The Portrait (2023)

Horror and art: it’s a faithful, longstanding relationship which continues to turn out a few films – good and bad – every single year. And then we come to The Portrait, a film which you could be forgiven for assuming was a fairly straightforward horror story – but it isn’t. Paring back the horror to moments of intense, introspective and even doubtful personal experience, the film turns out to be more of a psychodrama centred upon the plight of an individual. But I said it turns out to be that: the film’s opening scenes are far more in keeping with traditional horror as we witness a young, screaming woman, being dragged bleeding through the woods by a blankly hostile man. As this unfolds, we see a portrait being painted, and we are clearly to infer that something about this creative process is linked to the violence. Then we must store up that information, primed to see this painting reappear at some point later.

We next cut to the modern day, and a couple heading through the hills to a beautiful, remote house – which turns out to be the old family home of the man, Alex (Ryan Kwanten, last seen negotiating with a mysterious entity in a toilet cubicle in Glorious). No rain-lashed, Gothic mansion, this: it’s a pleasant, bright place – but there’s something very wrong with Alex. As his wife Sofia tries to engage with him, he is by turns sullen and reactive; it transpires that he has received a catastrophic brain injury, hence the unpredictable behaviour. And Sofia (the superb Natalia Cordova-Buckley) is doing everything in her power to build a bridge to the man Alex once was: she hopes that spending time in his old house will trigger something, some breakthrough.

We get a few leading clues that the house contains some supernatural presence, mainly as-gleaned by the camera shots from the inside of the house, watching our married couple as they approach the property, and then as they get settled in: is something indeed watching them? Oh, and there’s the small matter of the decidedly unfriendly wall art which greets them inside: here’s our link to the pre-credits. But we spend time with our very much alive protagonists first of all. Alex, it seems, received his injury in the heat of a confrontation with Sofia, which put him in the path of an accident. Sofia, as such wracked with guilt and horror, has made it her life’s work to help him recuperate, and also to do anything within her means to assuage her own feelings (which she harbours needlessly, as the audience is almost certain to infer).

But very much like Miss Giddens in this film’s close relative, The Turn of the Screw, Sofia is bringing a great deal of her own complex emotions and neuroses to bear on her situation. As such, upon exploring the house, she is struck by her discovery of a large portrait in – where else? – the attic.
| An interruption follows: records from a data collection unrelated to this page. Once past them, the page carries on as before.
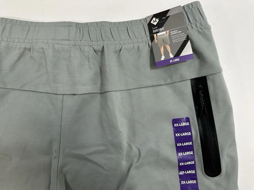 66 Rayon 30 Nylon 4 Spandex Elevate your summer style with these luxurious green Bermuda shorts from Member's Mark. Made from a comfortable blend of nylon, spandex, and rayon, these shorts feature a drawstring closure and stretch for a perfect fit. The flat front design and pockets add to the practicality of these shorts, making them a great addition to any wardrobe. Ideal for men of all sizes, these shorts are available in XXL size and are perfect for any occasion.
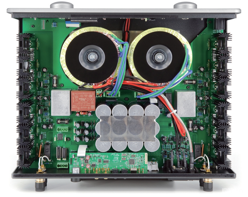内部用料至关重要。IN300 EVO使用两只440VA电源变压器,为双单声道设计。这意味着放大器的每个声道都有自己的独立电源,令声道分离度更好、串扰度更低。另外还有一个独立的10VA小变压器给数字板供电,以和模拟部分隔离开来。
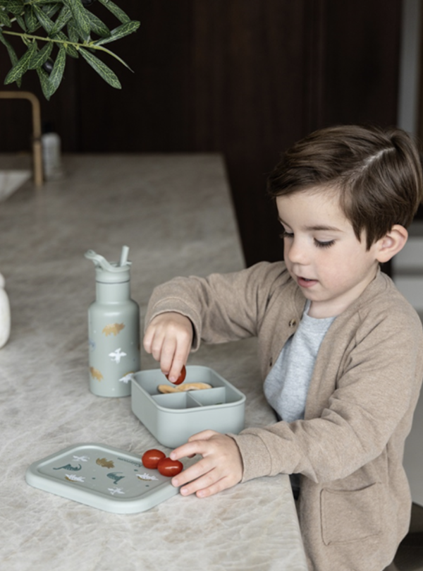 Deze handige lunchbox met drie vakken houdt brood, fruit en snacks netjes gescheiden.
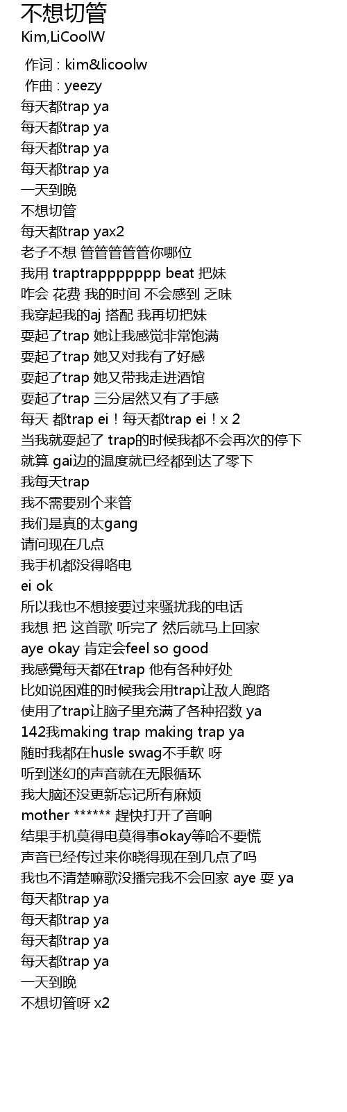 | [00:59.706] | 每天 都trap ei!每天都trap ei!x 2 |

It’s a self-portrait, painted, as she infers, by a previous occupant with a link to this house and – most surprisingly of all – the man in the painting looks uncannily like Alex. In her heightened state of anxiety, this simply compounds her feelings that something awful, something inescapable is heading their way; if the clues were already there, then this discovery serves as some kind of evidence: desperate people often rely on the notion of fate, and the painting feels awfully like fate.

As a few new characters begin to drift in and out of the periphery here, Sofia talks to Alex’s cousin, Mags (Virginia Madsen), who obligingly provides a large slab of backstory on who the man in the portrait is, and what his links are to Alex. It captures Sofia’s imagination: almost on cue, she begins to experience strange visions and dreams, and life in the house becomes ever less bearable. Mags’s story of a tortured, torturing artist concealed somewhere in the family history could be an explanation, of sorts, for the phenomena Sofia begins to suffer through, or else it could just be another weight for Sofia to carry.

The film is strikingly successful in presenting Sofia’s deep, fragile unhappiness and Natalia Cordova-Buckley is absolutely key to this. You really empathise with her lot; she is lonely, vulnerable, and her husband is no longer her husband (though the snippets we see of his behaviour before his accident show us that life was no walk in the park for her beforehand, either). There’s an uncomfortable atmosphere through every second of this film’s runtime, and the sense of dread conveyed is what feels very much like the conduit for the supernatural activity we witness. This happens via some highly effective scenes, doled out very carefully and deliberately – jump scares do not punctuate or define this film. Akin to lots of the very best ghost stories then, events move slowly, always casting doubt on what is happening, hinting at the contextual problems at play here: families; family legacies; the toxic effects of privilege; the lives of women.

The overall of feel of The Portrait is oppressive and claustrophobic: assuming this was the aim for director Simon Ross and writer David Griffiths (who has had a hell of a career shift, from Goldman-Sachs VP to screenwriter) then – well played, this is a hard watch, but a thought-provoking one, with an intriguing and well-developed take on an established horror idea. Whilst not one for fans of high action, for those of you who enjoy pondering the links between human psychology and supernatural phenomena, and pondering them over and over again long after you’ve watched the film, this truly is an unexpected, oblique little gem.

The Portrait (2023) is available now on VOD.